Shrine built in the spirit of Bibi Jawindi

The tomb of Bibi Jawindi (مقبرہ بی بی جیوندی) is one of the five monuments in Uch Sharif, Punjab, Pakistan, that are on the tentative list of the UNESCO World Heritage Sites. Dating back to the 15th century, the shrine was built in the spirit of the historical Sufi premier Bibi Jawindi of the Suhrawardiyyah order, a strictly hegemonistic Sunni school of theosophical thought which puts particular emphasis on the Shafi’i school of classical jurisprudence in the context of its interpretation of the Sharia. Bibi Jawindi was great-granddaughter to Jahaniyan Jahangasht, a famous Sufi saint in his own right.

==Location==
The site is located in the south-west corner of Uch, a historical city founded by Alexander the Great, in the Bahawalpr state and Punjab province of Pakistan. Uch, locally known as Uch Sharif, is known as the home of the "shrine culture" because of its cultural significance and the presence of several monuments and shrines.

==Architecture==
Built of glazed bricks on an octagonal base with turrets on each of its eight corners, the tomb of Bibi Jawindi is considered one of the most ornate monuments in Uch.

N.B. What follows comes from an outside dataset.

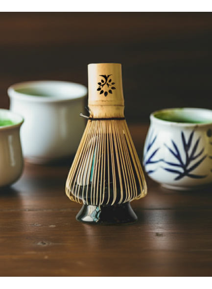 Frustino per matcha in bambù "Chasen". Un aiuto essenziale per la preparazione del matcha tradizionale, in modo che il tè ottenga una schiuma morbida e perfetta. Se usato correttamente, il frustino durerà per anni, ma è perfettamente normale che cambi forma durante l'uso.

The exterior of the building has three tiers with the top one supporting a dome, while the interior is circular due to thick angled walls rising up two stories. Both the interior and exterior of the building are richly decorated with Islamic scriptures, carved timber, and bright blue and glazed white mosaic tiles. The base tier is supported by the eight tapering turrets in each corner. The compound enclosing the shrine is preserved in its original desert-like conditions and is mostly covered with cemented graves. The surrounding area is covered with green vegetation due to a network of river tributaries and canals crossing the area.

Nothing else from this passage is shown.